The knight actually gasped, and said softly, “It’s beautiful.”

With those two words, Xu Liang looked again at the Flatlands of Lower Yvaria, and wondered how long he’d been blind to so simple a fact. He’d been affected by the difficulty of this journey far worse than he’d let himself believe. And now his hand ached for a brush. However, as he looked closer at the featureless beauty of the landscape, he realized that even with a brush in his hand and a tablet before him there might be no way to recapture such a scene. Of course, the grace of his painting was in fewer brushstrokes, but there would be so very few to make in this instance. He decided to commit this sight to memory and to leave it at that.

To the man who had reopened his eyes, he said, “Yes, it is.”

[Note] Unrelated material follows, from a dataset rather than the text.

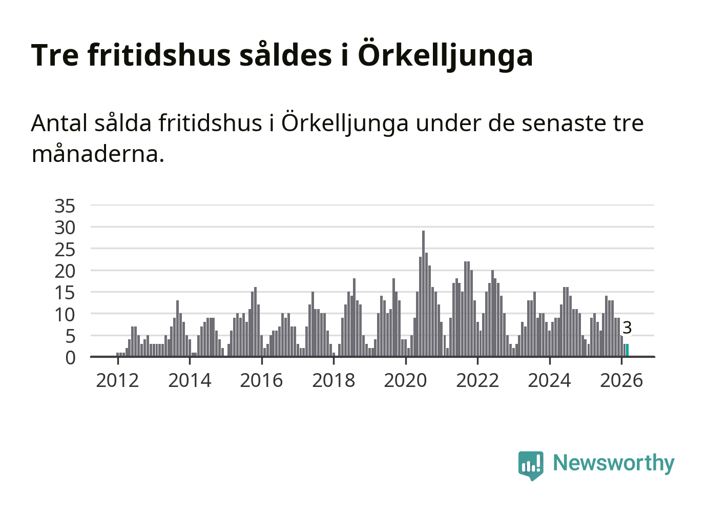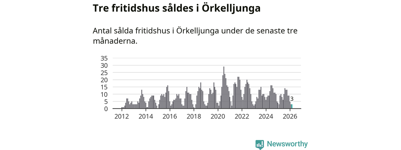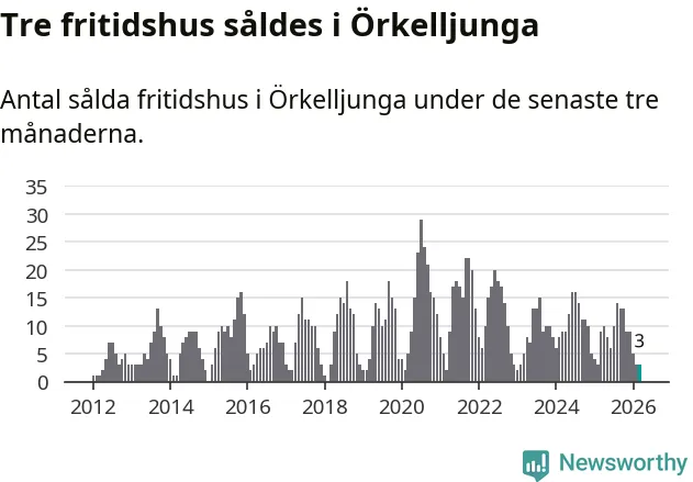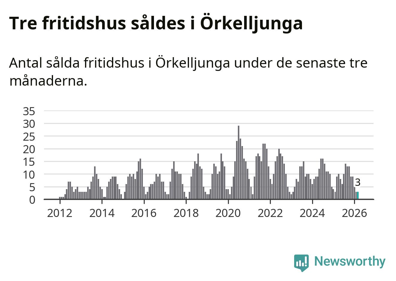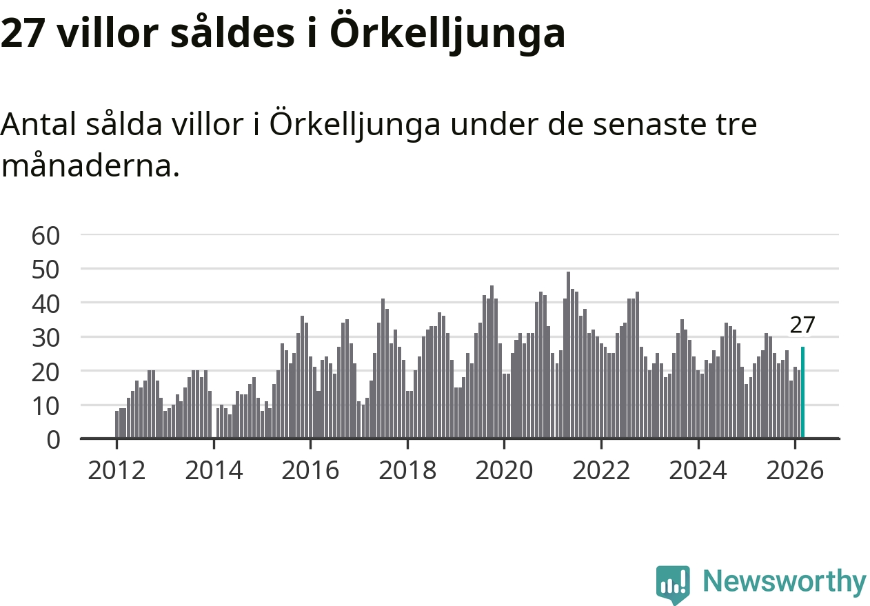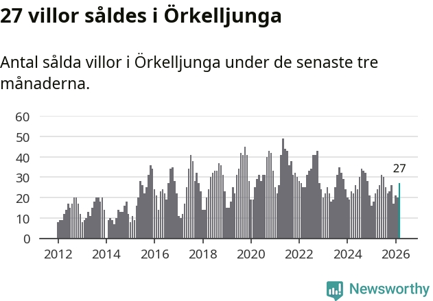 Mellan januari och mars såldes 27 villor i Örkelljunga kommun. Det är relativt många sett till aktiviteten på bostadsmarknaden i kommunen under de senaste tolv månaderna, samt det historiska snittet för den här tiden på året.

THE SUN CONTINUED its rise, the warmthless light intensifying as it shone unobstructed downward, making the surface of the snow seem as a great mirror, reflecting the brilliant light back at the sky and virtually blinding the companions. In such intense whiteness all eyes tended to divert from both Alere and Tristus—one dressed all in white and the other in highly reflective layers of metal—who only worsened the glaring effect. It was easiest simply to keep one’s sights set on the black-clad elves at the front of the caravan. However, that also became annoying as Shirisae’s spear—clearly the Storm Blade—continued to glow brightly in the company of its sibling Swords.